Sunday, January 13, 2008

Revisionist election history 

Today's front page T-P article on LA's 1st Congressional race begins:

David Vitter, in his 1999 campaign to win Louisiana's 1st Congressional District, did so by turning inward.

Facing eight opponents, he did not canvass every nook of the sprawling constituency. Instead, he concentrated on his base, the Metairie voters he had represented as a state lawmaker, said Jim St. Raymond, a political consultant who helped orchestrate Vitter's victory.

"The emphasis in his race was increasing turnout in his own district that he represents best," St. Raymond said.

It worked. Vitter not only won the 1999 special election, he was re-elected in 2000 and 2002 before moving on to the U.S. Senate in 2004, when Bobby Jindal succeeded him in the House.

The idea that Vitter won the 1999 special election by increasing the turnout of his base is a very charitable view of recent history.

Here's another view: David Vitter managed to beat David Duke and get into the runoff with Dave "clean" Treen in the special election to replace the disgraced Bob Livingston. (What's ole Bob doing these days, anyway?) After meeting with Treen and pledging not to pull any dirty tricks, Vitter found himself down in the polls with only a week to go.

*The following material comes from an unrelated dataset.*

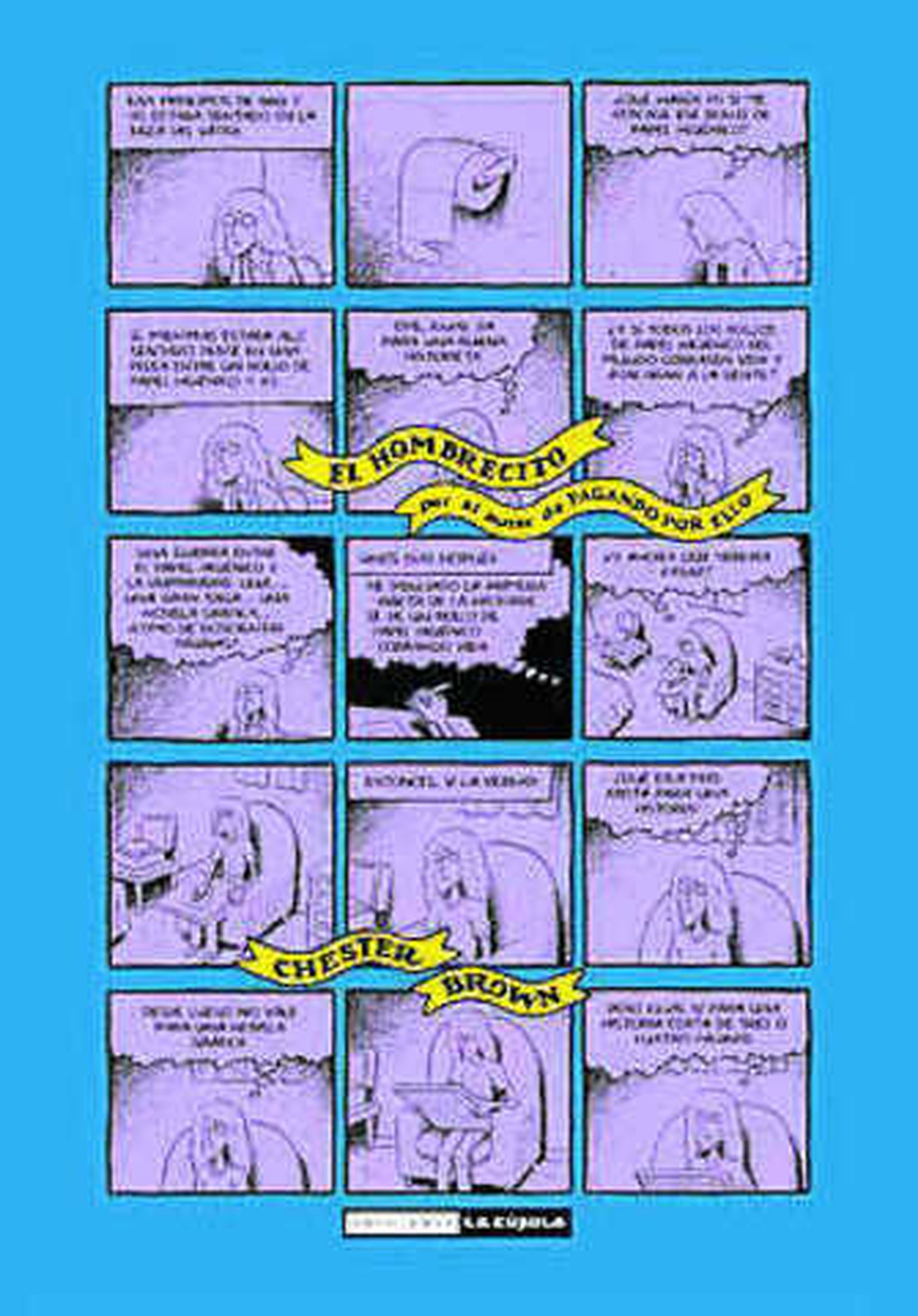 En 2011, recibí con ansia otra novela gráfica editada por La Cúpula, Pagando con ello, una desapasionada mirada al mundo de la prostitución que suma lo mejor de dos de los extremos ya exhibidos: la confesión y el ensayo. Y hace apenas unos días he leído Elhombrecito (La Cúpula, 2013), compilación de historietas cortas firmadas por el dibujante entre 1980 y 1995, más jugosas notas textuales del propio Brown. Solo por El gemelo, adaptación de un antiguo cuento gnóstico sobre la iluminación del Jesucristo niño, el tomo merece ya la pena, pero es que se trata de un verdadero poemario lleno de joyas como Helder, Mostrando Helder, Knock knock o Mi madre era una esquizofrénica. El hombrecito muestra la evolución de uno de los historietistas fundamentales de nuestro tiempo, es un delicioso testimonio de los años en que Brown buscaba voz y timbre y contiene no pocos hallazgos. Claro está que en el camino encontró la voz, vaya si la encontró.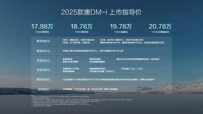 此次,2025款唐DM-i共推出4款车型,售价17.98万~20.78万元。同时,比亚迪为用户准备了包括“尊享焕新礼、尊享无忧礼、尊享贵宾礼、尊享智联礼、限时选装礼、延保服务”六重购车礼遇。

Vitter had made a secret pact with David Duke to sabotage Treen. Duke had agreed to publicly give Treen his (toxic) "endorsement", while secretly telling Duke "backers" to ignore his false praise of Treen and vote for Vitter. This nasty little maneuver was coordinated with a devious, two-pronged mail campaign. On the same day that the black community received mailers from Vitter saying racist David Duke was supporting Treen, the white community received mailers decrying Treen's support for affirmative action. These dirty tactics helped to depress voter turnout in the runoff (the primaries had about 145k voters turn out, while the runoff only had 122k) and Vitter narrowly won the election 51/49% over Treen.

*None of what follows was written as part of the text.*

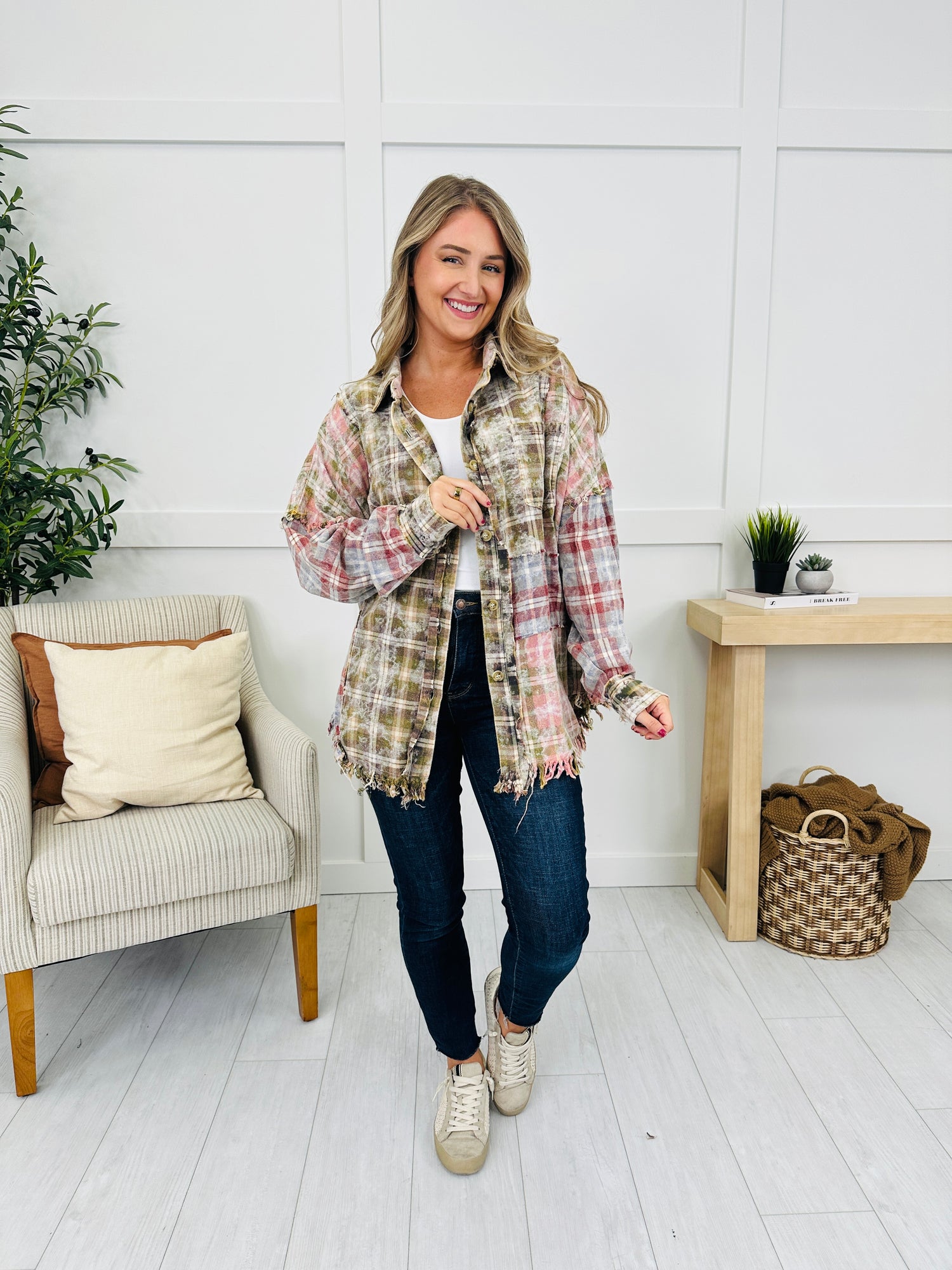 This top is all about effortless charm with its patchwork plaid design that brings together a mix of classic patterns in earthy tones. The button front detail adds a timeless touch, while the frayed hem finish gives it a laid-back edge that sets it apart. Whether worn open over a tank or buttoned up on its own, this piece is a versatile style you’ll reach for again and again.

Vitty-cent wasn't elected by "turning inward", or concentrating on his "base". He broke his promise and went "dirty". He cleverly used David Duke to "smear" Treen, and depress turnout for his opponent.

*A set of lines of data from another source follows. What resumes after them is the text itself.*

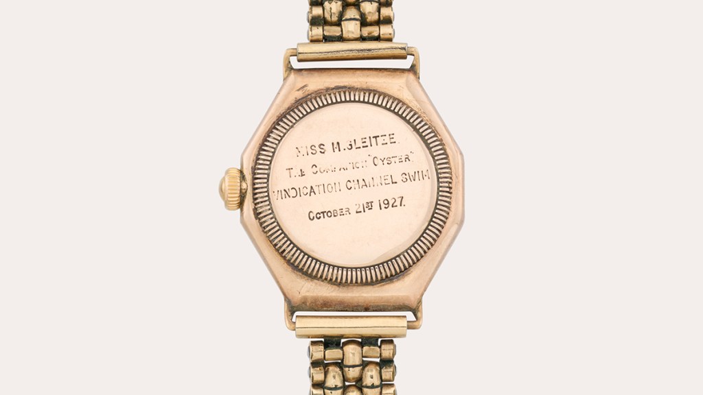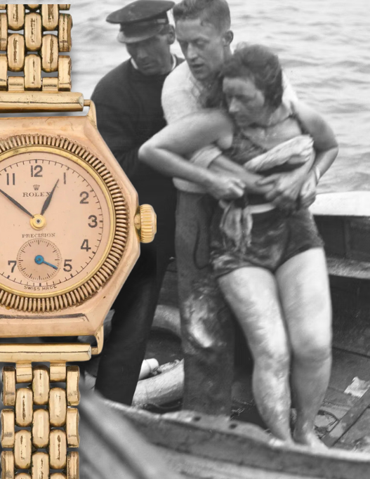 “You will like to hear that the Rolex Oyster watch I carried on my Channel swim proved itself a reliable and accurate timekeeping companion even though it was subjected to complete immersion for 10h24 hours in sea water at a temp of not more than 58 and often as low as 51. This is to say nothing about the sustained buffeting it must have received. Not even the quick change to the high temp of the boat cabin when I was lifted from the water seemed to affect the even tenour of its movement. The newspaper man was astonished and I, of course, am delighted with it. (25 October 1927).” Mercedes Gleitze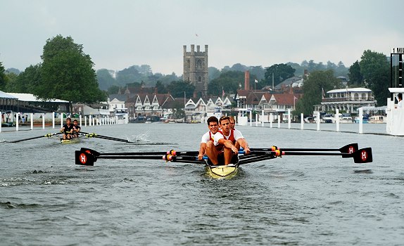 Simon Schiml bei einer der ältesten Regatten der Welt Im Vordergrund der Mainzer Vierer mit Simon Schiml auf der zweiten Bootsposition. (Foto: privat)(bro) (sch) Der für Mainz startende Eberbacher Ruderer Simon Schiml nahm an der weltberühmten Henley Regatta teil. Dies ist eine der ältesten Regatten der Welt und findet in einem östlichen Vorort von London auf der Themse statt. Die Themse ist dort noch so schmal, dass immer nur zwei Boote starten können. Gefahren wird deshalb vor schöner Kulisse im k.o. Modus. Der Mainzer Vierer mit Simon Schiml fand sich so bei 35 Meldungen immerhin unter den letzten 16 Booten, bevor für die Mannschaft Endstation war.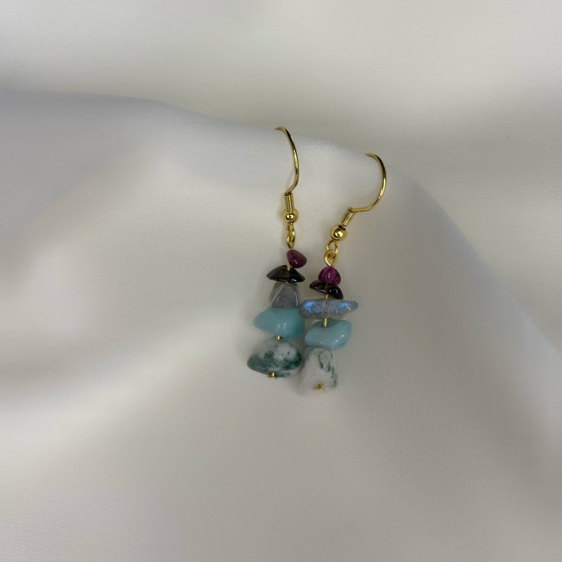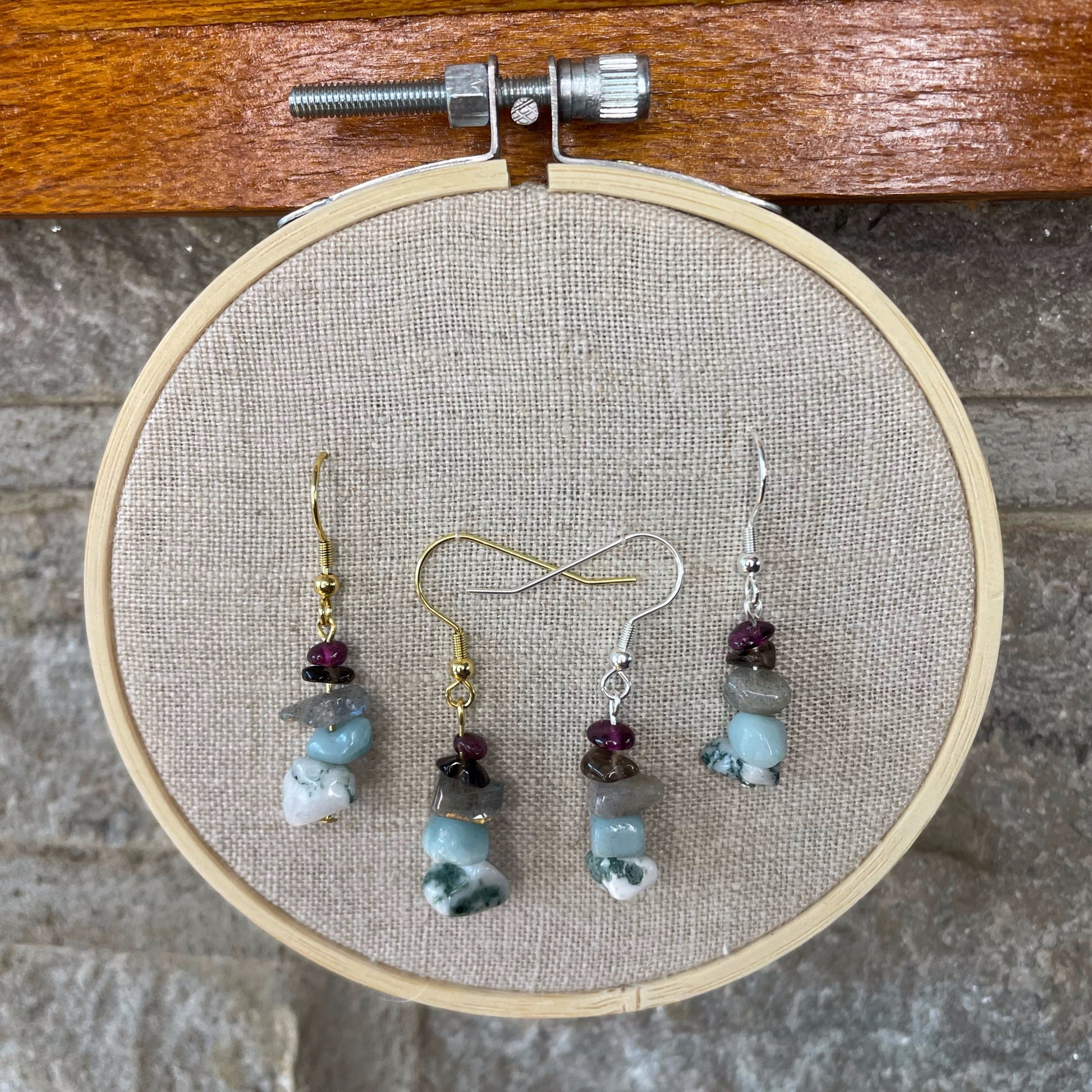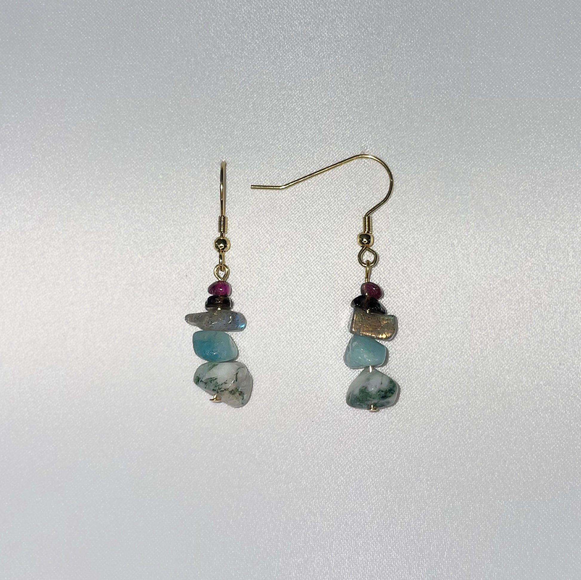 There is something almost magical about these earrings I can't quite put my finger on. Maybe it's the iridescence of the Labradorite or the way the pattern of the Moss Agate almost looks alive. Whatever it is, "Becoming a Better Version of Yourself" is my favorite of the manifestation cairn series. Each natural gemstone is hand picked to insure beautiful and balanced sets. However, beauty is not the only factor in choosing which stones to uses. The crystals that make up this set were selected for their association with metaphysical properties.
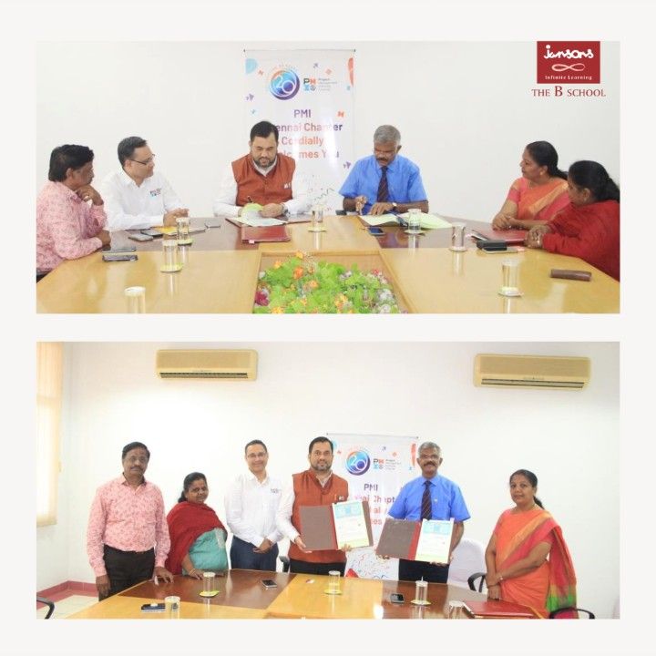 Jansons School of Business is happy to collaborate with Project Management Institute - Chennai Chapter by signing a Memorandum of Understanding on 20.10.2023. We express our gratitude to Mr. Parvez Alam M, President, Project Management Institute, Chennai Chapter. Mr.Bhuvana Sundar Soorappaiah, PMP, PMI-ACP, PMI-PBA, PMI-CAPM, Vice President (Outreach), Project Management Institute, Chennai Chapter Ms. Jeyaselvi P, AVP (Academia), PMI Chennai Chapter and Mr.Ragothaman G. - AVP (Branches), PMI Chennai Chapter, |

All the while, of course, Vitty was seeing prostitutes, and continued to do so after being sworn in as a U.S. Representative.


===
Quotes from the indispensable 2004 Salon story:

"So many forces were against us. So many powers that be," Vitter said in his 1999 victory speech. "They had the politicians. We had the people. They've had the past, but we are the future."

and

In 1999, none of Vitter's future House colleagues showed up at his victory party, and few of his fellow state legislators did. "Vitter has such problems with people -- not just fringe politicians, but legitimate, honest politicians in the legislature who just can't stand him," Republican lawyer Rob Couhig, one of the candidates Vitter defeated for Livingston's congressional seat, told the Capitol Hill newspaper Roll Call at the time.